JWT then becomes a teeny-weeny specification consisting of an overview, a table
for reserved claim names, the rules for verifying those claims, and some notes
on creating custom claims.
Likewise, if JWS is intended to be a general mechanism for signing messages, it
would be preferable to see examples in the JWS spec which do not refer to the
JWT spec. Simple strings, or base64 encoded binary would make better examples
for JWS, without coupling the two specifications together.
As it stands, it's impossible to implement JWT without continual
cross-reference. It's much harder to gain a sense of how an implementation
ought to hang together than it used to be.
It's still possible for Jwt4net to be a compliant implementation of JWT without
supporting a generalised JWS implementation, but checking compliance is going
to be much harder. I think the next steps for the library, once I've fixed a
couple of glaring holes, will be to refactor out a full JWS implementation, and
treat JWT as a special case, but that adds accidental complexity to what was a
relatively simple library (barring my own over-complication through stupidity).
I'm still a big fan of JWT as a standard, but I think the current spec language
is a step backwards for implementation.
-- Bob Gregory
On Wed, Mar 30, 2011 at 4:37 PM, Mike Jones
<[email protected]<mailto:[email protected]>> wrote:
Thanks, Bob. That's great to hear!
I look forward to your feedback on the spec based upon your actual use.
-- Mike
From: Bob Gregory [mailto:[email protected]<mailto:[email protected]>]

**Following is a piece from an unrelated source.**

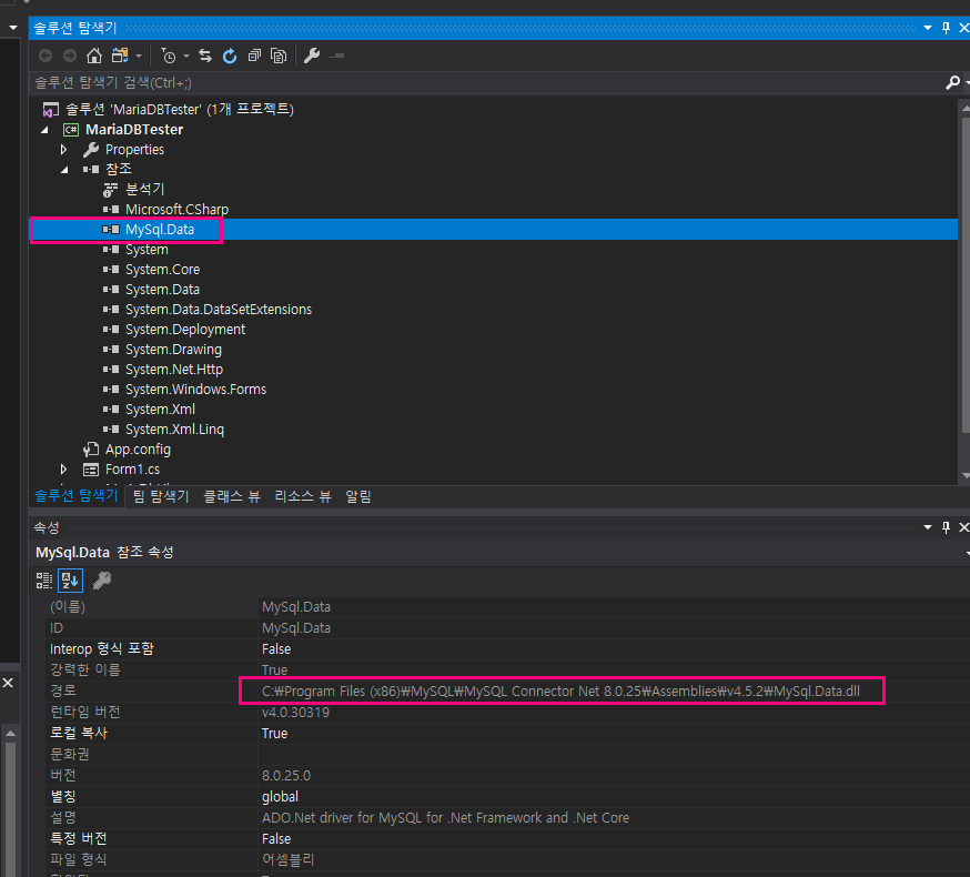C:\Program Files (x86)\MySQL\MySQL Connector Net 8.0.25\Assemblies\v4.5.2\MySql.Data.dll 을 참조합니다. 주의하셔야될 사항이 닷넷버전의 경우 4.5.2버전이상 버전을 사용해야합니다.

Sent: Wednesday, March 30, 2011 8:36 AM
To: Mike Jones
Cc: [email protected]<mailto:[email protected]>; [email protected]<mailto:[email protected]>;
[email protected]<mailto:[email protected]>;
[email protected]<mailto:[email protected]>
Subject: Re: [OAUTH-WG] JSON Web Token (JWT) Draft -04
I've just uploaded a .Net implementation of JWT issuance and consumption to
GitHub @ https://github.com/BobFromHuddle/Jwt4Net
This is no way ready for public release, but is in use in a production system.

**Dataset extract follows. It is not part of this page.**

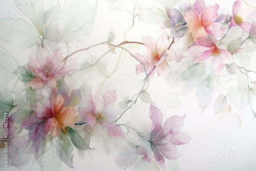 Watercolor paintings, floral patterns, gentle Thai style. On a bright white background Gives an airy feeling

It's based on draft 1, and I'll try and update it to draft 4 compliance next
week.
We're intending to provide full coverage of the JWT spec as it matures, the
major block for us at the moment is the lack of a specification for the "jku"
key encoding scheme. Until that's decided, we're using .Net's default
serialization of private keys which is based on RFC 4050.
-- Bob Gregory
On Wed, Mar 30, 2011 at 9:57 AM, Mike Jones
<[email protected]<mailto:[email protected]>> wrote:
Draft -04 of the JSON Web Token
(JWT)<http://self-issued.info/docs/draft-jones-json-web-token.html>
specification is available. It corrects a typo found by John Bradley in -03.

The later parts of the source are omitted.